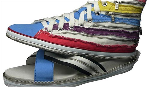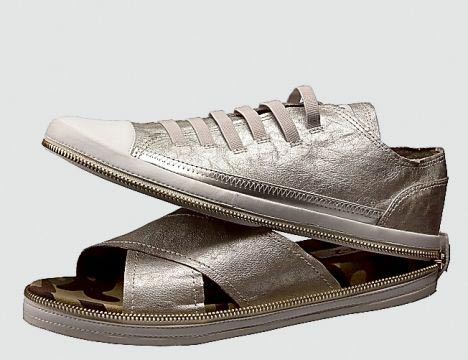 這種多變鞋被稱為Nat-2,它看上去就象一雙普通的匡威牌帆布鞋。但如果你想讓腳透氣,只需解開拉鏈,這時呈現(xiàn)在你面前的就是一雙涼鞋了。帆布鞋的上部能夠很容易地折疊起來,放進包里。目前有20種不同的樣式可供選擇,人們可以根據(jù)自身喜好選擇不同的款式進行搭配。該創(chuàng)意很可能來自于20世紀(jì)80年代的動畫片變形金剛。然而與這些到處都能買到的塑料機器人不同的是,人們很難找到出售Nat-2鞋子的商店。目前,在英國唯一取得該鞋子經(jīng)營權(quán)的是位于倫敦西南部亭克漢姆(Twickenham)的 Wild Goose。每雙鞋子的售價為59.99英鎊。
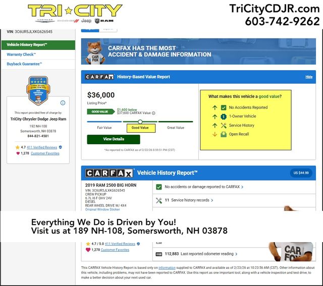 Whether you're towing a heavy load, plowing through snow, or simply enjoying the open road, this 2019 Ram 2500 Big Horn is the perfect companion. Experience the unparalleled power, capability, and comfort that only a Ram can deliver. Visit our showroom today and let us demonstrate how this exceptional truck can transform your driving experience.
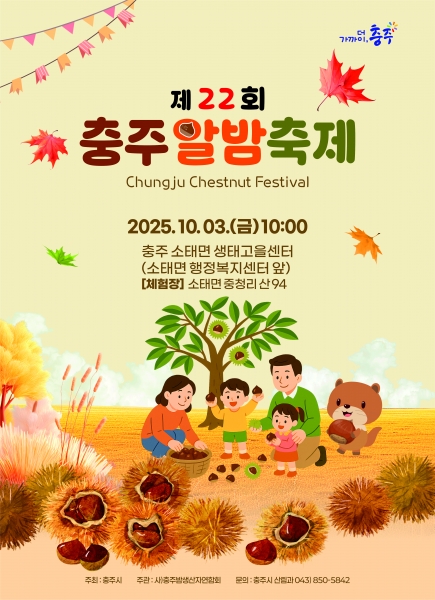 [충청중심뉴스] 전국 최고의 품질을 자랑하는 충주 알밤을 주제로 한 제22회 충주 알밤축제가 오는 10월 3일 오전 10시, 충주시 소태면 생태고을센터 일원에서 열린다.
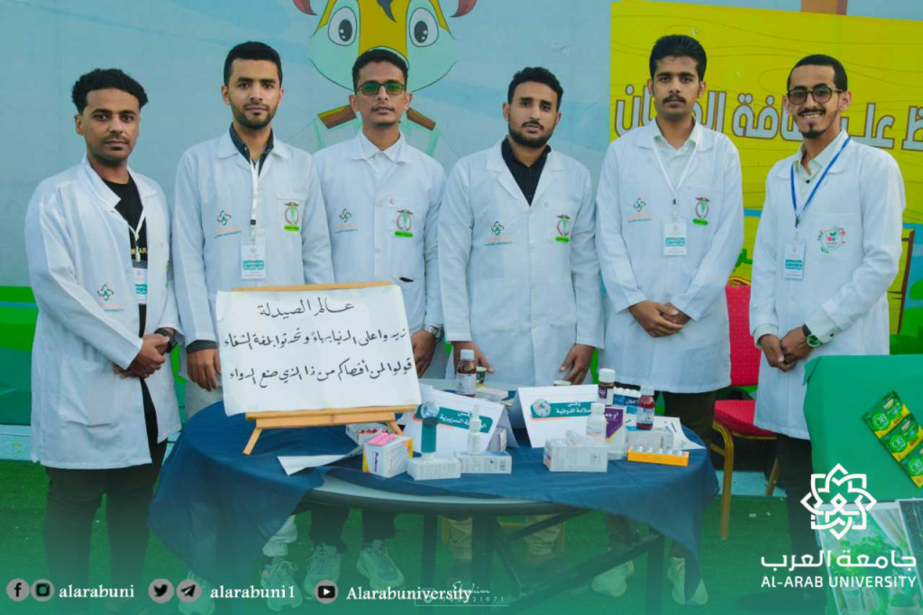 في إطار حرص جامعة العرب على نشر التوعية الصحية بين أفراد المجتمع، نظم طلاب كلية الطب والعلوم الصحية – (تخصص صيدلة) ، وبالتعاون مع منتزه مكلا بارك، فعالية توعوية متميزة تحت شعار “معًا نحو وعي دوائي أفضل”، وذلك يوم الجمعة الموافق 25 أبريل 2025.هدفت الفعالية إلى تعزيز الوعي الدوائي لدى الجمهور، من خلال تقديم معلومات وإرشادات صحية بأسلوب مبسط وتفاعلي. وقد شملت الفعالية عدة أركان تعليمية وتوعوية متنوعة، أبرزها:ركن السلامة الدوائية: تم خلاله توعية الزوار بطرق استخدام الأدوية بشكل آمن وتفادي الأخطاء الدوائية.ركن التثقيف الدوائي: عرض معلومات دوائية تثقيفية لتعزيز الفهم العام للأدوية.ركن الصيدلة السريرية: وفر استشارات صيدلانية مباشرة للزوار حول استخدام الأدوية ومتابعة العلاج.ركن التركيبات الصيدلانية: تم فيه شرح وتحضير بعض التركيبات الصيدلانية البسيطة أمام الزوار.ركن الأعشاب الطبية: استعرض فوائد الأعشاب الطبية وكيفية استخدامها بطريقة صحيحة وآمنة.ركن التفاعلات الكيميائية: شرح آلية حدوث التفاعلات الكيميائية، بالإضافة إلى تقديم أمثلة حية لعدد من التفاعلات الكيميائية الشائعة.وقد تميزت الفعالية بحضور جماهيري لافت وتفاعل مميز من الحاضرين، مما ساهم في تحقيق أهداف الفعالية ونشر الثقافة الدوائية بطريقة فعالة وجذابة.ختامًا، تعكس هذه الفعالية جهود طلاب كلية الصيدلة بجامعة العرب في خدمة المجتمع، وتعزيز دورهم في التوعية الصحية، ضمن رؤية الجامعة في تحقيق شراكة مجتمعية فاعلة.

- - - - - - -

The line containing "[충청중심뉴스] 전국 최고의" marks the end; please output exactly the lines of the listing above from its first line through that line, without pictures.

 這種多變鞋被稱為Nat-2,它看上去就象一雙普通的匡威牌帆布鞋。但如果你想讓腳透氣,只需解開拉鏈,這時呈現(xiàn)在你面前的就是一雙涼鞋了。帆布鞋的上部能夠很容易地折疊起來,放進包里。目前有20種不同的樣式可供選擇,人們可以根據(jù)自身喜好選擇不同的款式進行搭配。該創(chuàng)意很可能來自于20世紀(jì)80年代的動畫片變形金剛。然而與這些到處都能買到的塑料機器人不同的是,人們很難找到出售Nat-2鞋子的商店。目前,在英國唯一取得該鞋子經(jīng)營權(quán)的是位于倫敦西南部亭克漢姆(Twickenham)的 Wild Goose。每雙鞋子的售價為59.99英鎊。
 Whether you're towing a heavy load, plowing through snow, or simply enjoying the open road, this 2019 Ram 2500 Big Horn is the perfect companion. Experience the unparalleled power, capability, and comfort that only a Ram can deliver. Visit our showroom today and let us demonstrate how this exceptional truck can transform your driving experience.
 [충청중심뉴스] 전국 최고의 품질을 자랑하는 충주 알밤을 주제로 한 제22회 충주 알밤축제가 오는 10월 3일 오전 10시, 충주시 소태면 생태고을센터 일원에서 열린다.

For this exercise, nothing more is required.